Война иными средствами - Блэквилл Роберт. Страница 3

Индия продолжает развивать свою инициативу «Act East» [3], явно преследуя геоэкономические цели и ориентируясь на своих соседей, предлагает новые кредитные линии Непалу и Маврикию, прокладывает новые высокоскоростные кабели передачи данных в Мьянму, строит новые железнодорожные ветки в Шри-Ланке (если упомянуть лишь некоторые проекты); все это является очевидным ответом на действия Китая на рубежах Индии. Европейский союз реагирует на вмешательство России в дела Украины предоставлением Украине перспективы членства в ЕС и западных инвестиций. Евросоюз обязался в ближайшие годы выделить 15 миллиардов долларов в виде займов и грантов для восстановления разрушенной украинской экономики (цифра не случайна – именно 15 миллиардов долларов предложил, а затем отозвал Путин, когда в стране произошло народное восстание). Турция и Азербайджан начали строительство Трансанатолийского газопровода (TANAP), который станет звеном Южного газового коридора ЕС и который представляет собой сочетание существующих и планируемых трубопроводов, призванное диверсифицировать маршруты экспорта каспийских энергоресурсов и снизить зависимость Европы от российского газа. После многих лет экономического покровительства ХАМАС и «Хезболле» Иран пополнил список своих «клиентов» йеменскими шиитами хути и гарантировал экономическую поддержку планам расширения портов, помогает строить электростанции и снабжает Йемен достаточными объемами нефти в пределах годового запаса. Израиль подписал контракт на поставку в Египет 5 миллиардов кубических футов газа до 2018 года – это своего рода страховой полис на случай, если вынужденная дружба с военными правителями Египта окажется недостаточно крепкой или кратковременной.

Итак, для многих стран театр взаимодействий во внешней политике уже давно характеризуется преимущественно рыночным подходом. Сегодня многие государства выказывают более или менее выраженную склонность проявлять недовольство внешней политикой других стран посредством ограничений на торговлю важными природными ресурсами или посредством покупки и продажи долгов, а не за счет военных действий. «Большинство наций отбивают на своих внешнеполитических барабанах в основном экономический ритм», – так сформулировал проницательный очевидец зарождение этого явления [4].

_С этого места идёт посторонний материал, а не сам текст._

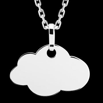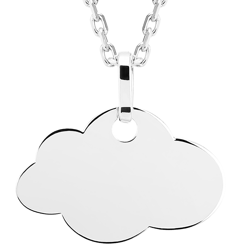 Acest pandantiv din aur alb de 9 carate se remarcă prin simplitatea și eleganța sa, având o formă delicată de nor. Este conceput pentru a fi personalizat prin gravură.
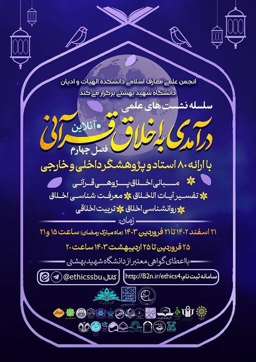 سلسله نشست های علمی "درآمدی به اخلاق قرآنی" در ماه مبارک رمضان از 21 اسفند 1402 تا 27 فروردین 1403 برگزار می شود.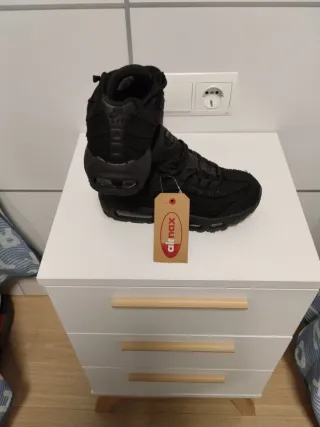 Zapatillas deportivas Nike Air Max 95 con un diseño moderno y llamativo. - Combinación de colores negro, gris y detalles en amarillo neón. - Sistema de amortiguación Air Max visible en la suela. - Paneles laterales con degradado de grises. ESCUCHO OFERTAS RAZONABLES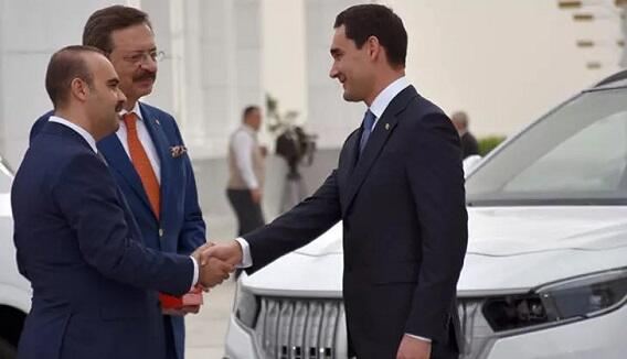 Türkiyənin sənaye və texnologiya naziri Mehmet Fatih Kaçır “Arkadağ Ağıllı Şəhər”in açılış mərasimində Türkmənistan Prezidenti Serdar Berdiməhəmmədova 2 ağ rəngli “Togg” elektromobilinin açarlarını təqdim edib.
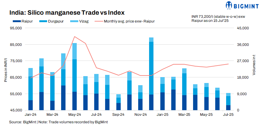 Domestic silico manganese prices have stabilised this week following a previous upward trend seen in mid-June 2025 on production curtailments. Prices have come down slightly by INR 300/t over the last couple of days. The price drop is primarily attributed to softening demand and a decline in steel prices, which has significantly impacted pricing dynamics.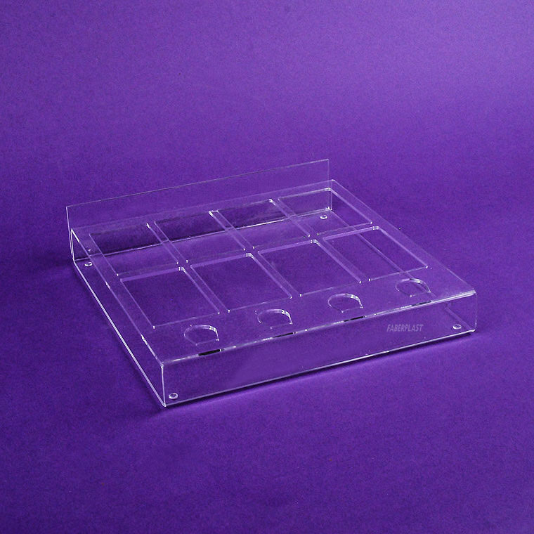 Présentoir plexiglas fabriqué sur mesure pour la marque de cosmétiques DERMACOL.

Упадок влияния геоэкономики на американскую внешнюю политику в последние десятилетия объясняется целым рядом причин, здесь множество переменных, противоречивых тенденций и нюансов. Если коротко, всему виной сочетание пренебрежения и сопротивления. Американские экономисты склонны отрицать необходимость подчинения экономической политики геополитическим целям, отчасти потому, что представление о «подчиненности» экономики ставит под сомнение некоторые основополагающие ценности их дисциплины. Как отметил в своей последней работе Майкл Мандельбаум, «сердце политики – власть; цель экономики – богатство. Власть по своей природе ограниченна. Поэтому стремление к власти видится спорным. Это игра с нулевой суммой… Богатство, напротив, не имеет пределов, благодаря чему экономика становится игрой с положительной суммой» [5]. Поскольку многие американские экономисты и творцы экономической политики предпочитают смотреть на мир сквозь призму этой положительной суммы и обращают мало внимания на реалии конкуренции между нациями, они скептически относятся к возможностям экономической политики по укреплению влияния Америки за счет государств-конкурентов.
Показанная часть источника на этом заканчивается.